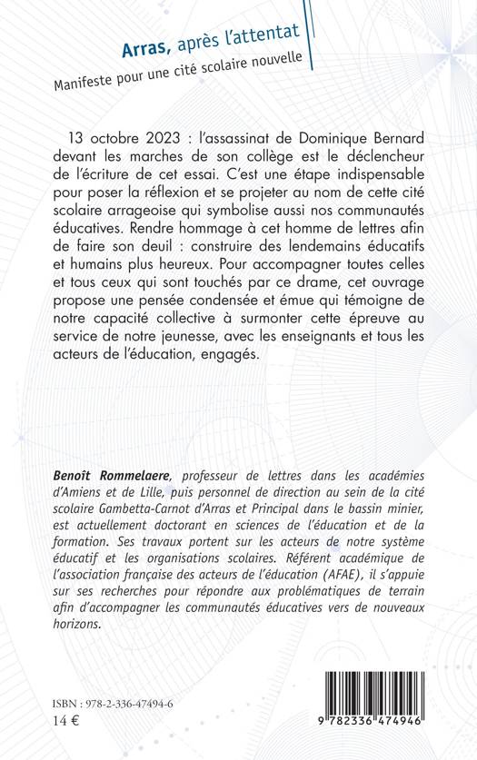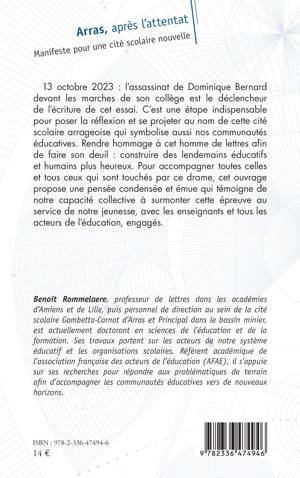 13 octobre 2023: l'assassinat de Dominique Bernard devant les marches de son collège est le déclencheur de l'écriture de cet essai. C'est une étape indispensable pour poser la réflexion et se projeter au nom de cette cité scolaire arrageoise qui symbolise aussi nos communautés éducatives. Rendre hommage à cet homme de lettres afin de faire son deuil: construire des lendemains éducatifs et humains plus heureux. Pour accompagner toutes celles et tous ceux qui sont touchés par ce drame, cet ouvrage propose une pensée condensée et émue qui témoigne de notre capacité collective à surmonter cette épreuve au service de notre jeunesse, avec les enseignants et tous les acteurs de l'éducation, engagés.
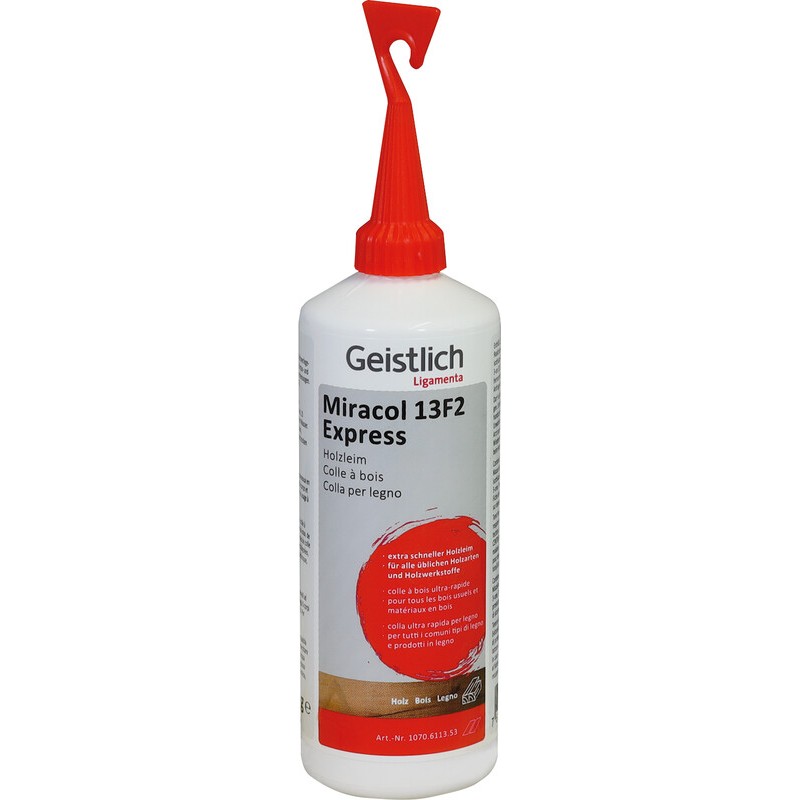 GEISTLICH Holzleim Miracol 13F2 Express weiss, klebt alle üblichen Holzarten, Holzwerkstoffe, Schichtstoff- und Holzverlegeplatten, für Anwendungen im Innenbereich, mit Verstreichspachtel.
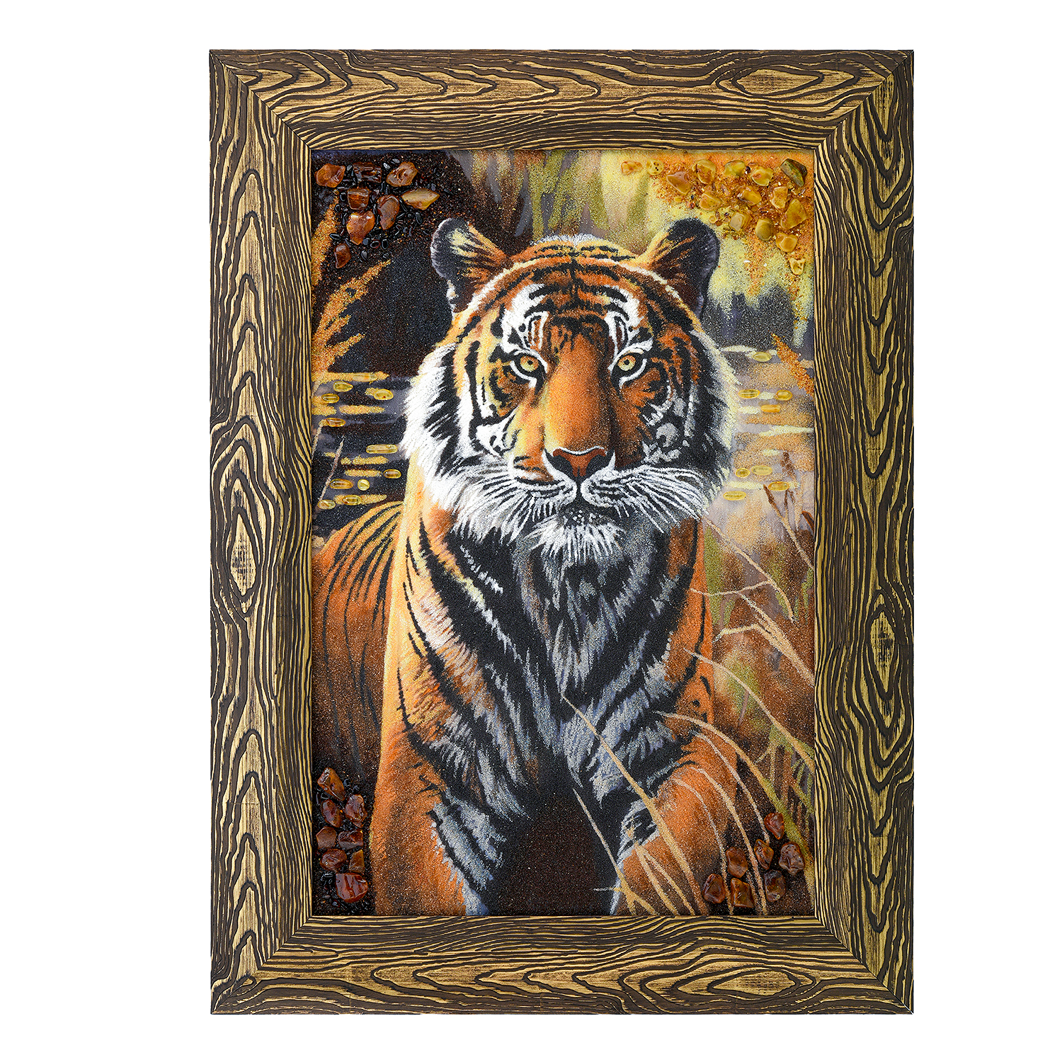 Русские подарки и сувениры → Интерьерные изделия → Картины → Картина янтарная "Тигр - хозяин тайги" 60х40 см
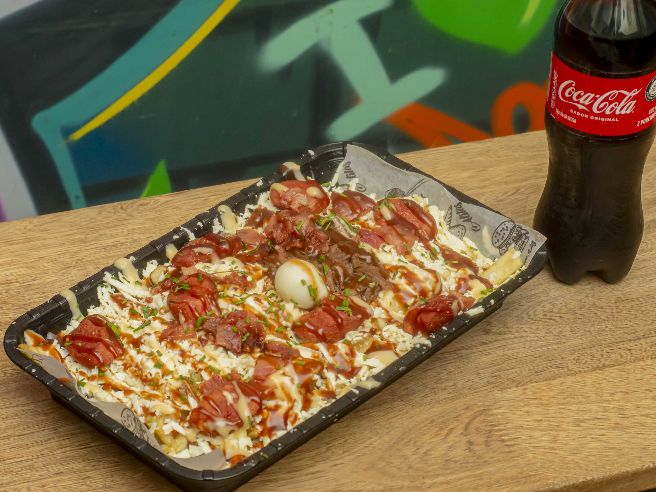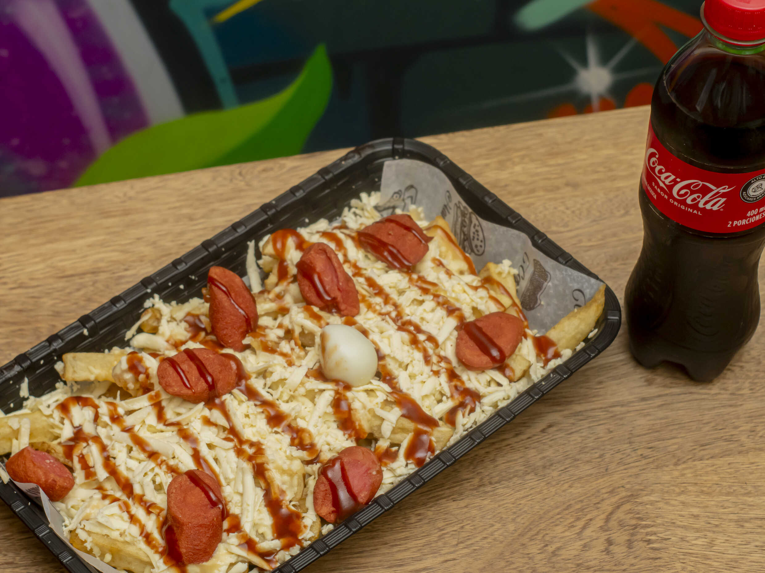 Papas, tocineta, salchichas, carne desmechada, queso, huevo de codorniz, cebollín, salsa BBQ, mayonesa de sriracha y suero + Gaseosa 250ml
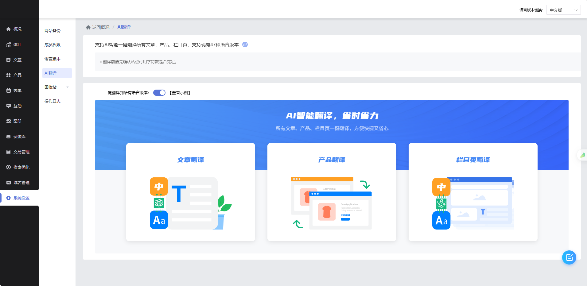 (一)文章AI智能翻译(二)产品AI智能翻译(三)栏目智能翻译(四)一键翻译
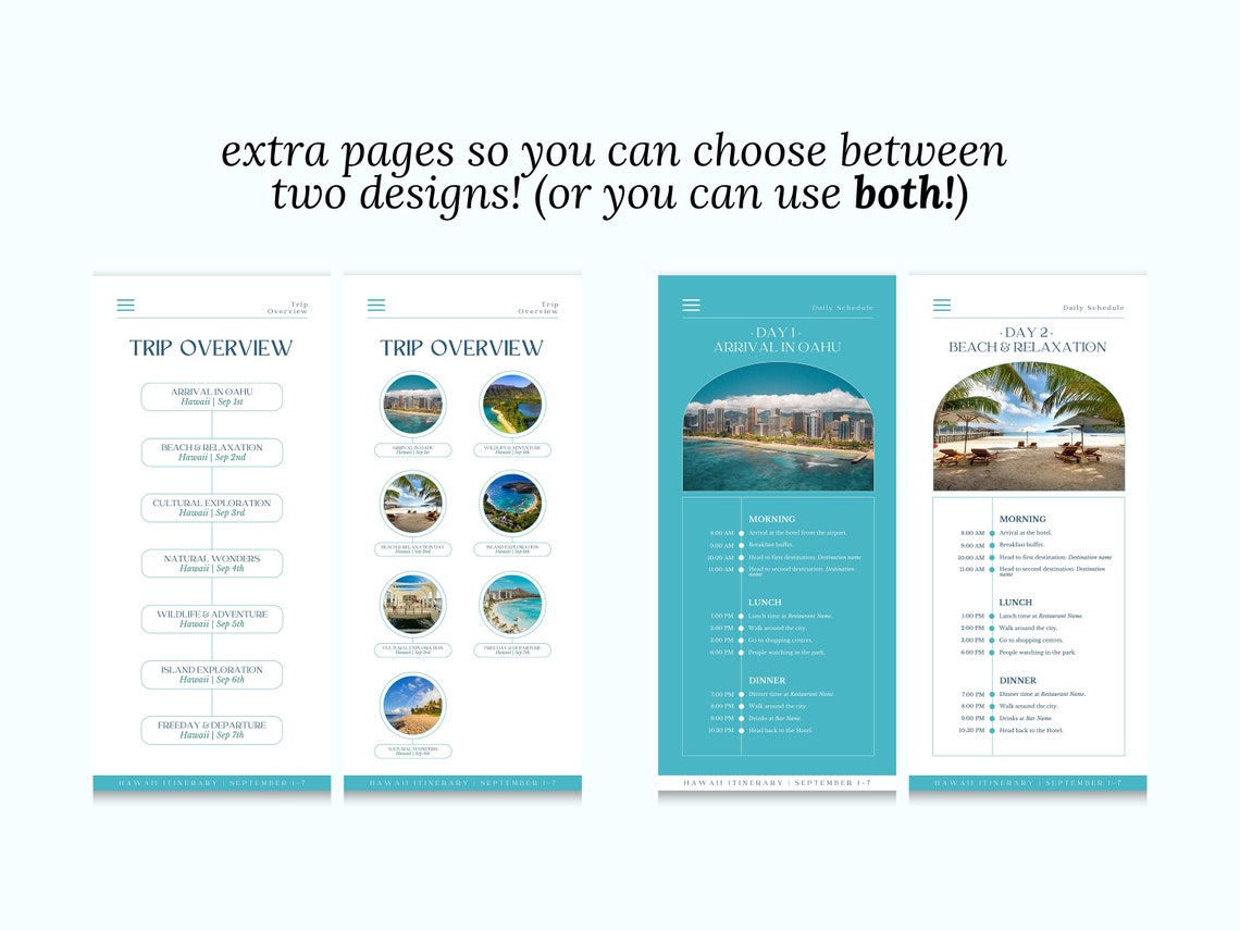 Editable Travel Itinerary Template Instant Download Hawaii Daily

§ **PROBLEM TO WORK ON**
Pictures in the entries do not go into the copy. Print only the lines starting at the one containing "GEISTLICH Holzleim Miracol" and ending at the one containing "(一)文章AI智能翻译(二)产品AI智能翻译(三)栏目智能翻译(四)一键翻译", exactly as they appear.

§ **ANSWER BELOW**
 GEISTLICH Holzleim Miracol 13F2 Express weiss, klebt alle üblichen Holzarten, Holzwerkstoffe, Schichtstoff- und Holzverlegeplatten, für Anwendungen im Innenbereich, mit Verstreichspachtel.
 Русские подарки и сувениры → Интерьерные изделия → Картины → Картина янтарная "Тигр - хозяин тайги" 60х40 см
 Papas, tocineta, salchichas, carne desmechada, queso, huevo de codorniz, cebollín, salsa BBQ, mayonesa de sriracha y suero + Gaseosa 250ml
 (一)文章AI智能翻译(二)产品AI智能翻译(三)栏目智能翻译(四)一键翻译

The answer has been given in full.